Non credo. Sarei d’accordo se noi parlassimo di un’ondata di fenomeni tipo il santone filippino che ti toglie i tumori a mani nude. Il rivolgersi a un santo è tradizione antichissima nel nostro paese, e se ci fai caso i nostri lettori comunque dicono “Sono stato dal dottore, ho fatto il possibile,” non sostituiscono una visita a San Giovanni Rotondo con una visita in ospedale, si affidano ai santi in estrema ratio. Non era giusto per noi censurare le grida d’aiuto del lettore. Il nostro lettore è un devoto, ma anche un pragmatico. Il problema per noi è che dopo essere andati all’ospedale e a pregare il santo, potrebbero andare dal santone a comprare l’amuleto sperando che gli faccia passare il malocchio. Per questo per noi è fondamentale non mischiarci con questo mondo.

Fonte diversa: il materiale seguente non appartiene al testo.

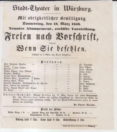 Titel: Besetzungszettel zu: Freien nach Vorschrift, oder: Wenn Sie befehlen. - Donnerstag, den 18. März 1858, neuntes Abonnement, zwölfte Vorstellung im Stadt-Theater in Würzburg. - Lustspiel in 4 Akten von Karl Töpffer. - Mitwirkende: die Herren Danielson, Lippert, Fellenberg, Strentz, Wiederhold, Bosin, Berger und Dill / Fräulein Oeser, Bachmann, Moritz / Frau Kißner.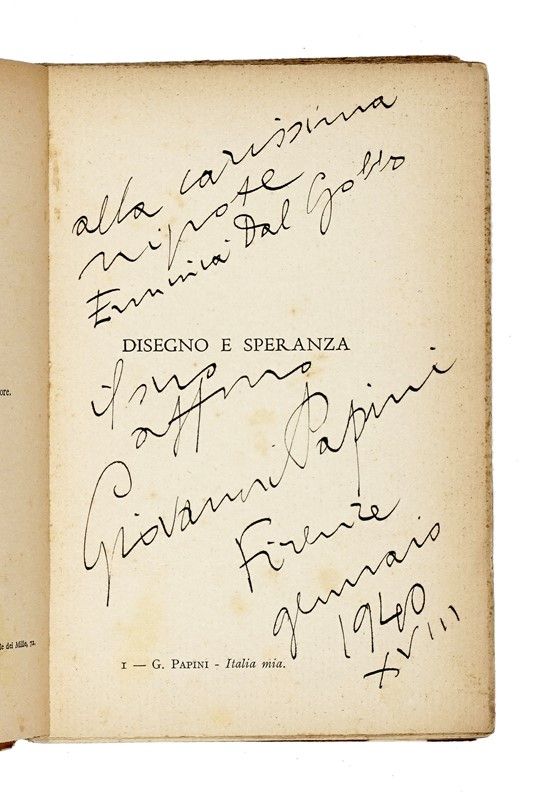 Le dediche e i libri sono: Giovani Papini. Dante vivo. Firenze, Libreria Editrice Fiorentina 1933. Dedica: alla carissima / Mamma / col ricordo degli anni / lontani e con tutti gli auguri / del suo aff.mo / Giovanni / Pasqua / 1933 - Giovani Papini. Storia della letteratura italiana (volume primo). Firenze, Vallecchi 1937. Dedica: alla cara / nipotina / Erminia / cogli auguri affettuosi / del suo / Giovanni Papini / Firenze / ottobre / 1937 [...] – Giovani Papini. Grandezze di Carducci. Firenze, Vallecchi 1935. Dedica: alla mia carissima / Mamma, nel suo genetliaco, cogli auguri affettuosi / di pronta guarigione / Giovanni / 6 giugno 1935. Al volume manca il piatto superiore. – Giovani Papini. Dante vivo. Firenze, Libreria Editrice Fiorentina 1933. Dedica: alla carissima / Sofia e alla sua / Erminia / il suo / Giovanni – Giovani Papini. Italia mia. Firenze, Vallecchi 1939. Dedica: alla carissima / nipote / Erminia Dal Gobbo / il suo / aff.mo / Giovanni Papini [...] – Giovani Papini. Figure umane. Firenze, Vallecchi 1940. Dedica: a Erminia Dal Gobbo / cogli affettuosi / auguri / del vecchio zio / Giovanni Papini [...] – Giovani Papini. La pietra infernale. Brescia, Morcelliana 1934. Dedica: alla cara e brava / nipote Erminia / per memoria / del suo aff.mo / Giovanni Papini [...].

Secondo te questo modello di rivista è esportabile?
Sono convinto di sì. In paesi legati al protestantesimo forse no, mancherebbe la base dogmatica, ma in America Latina ci sono molti potenziali lettori, c’è anche una cultura sincretica che è estremamente interessante. Noi saremmo felici, nel momento in cui la rivista italiana sarà ben avviata, di portare questo modello all’estero.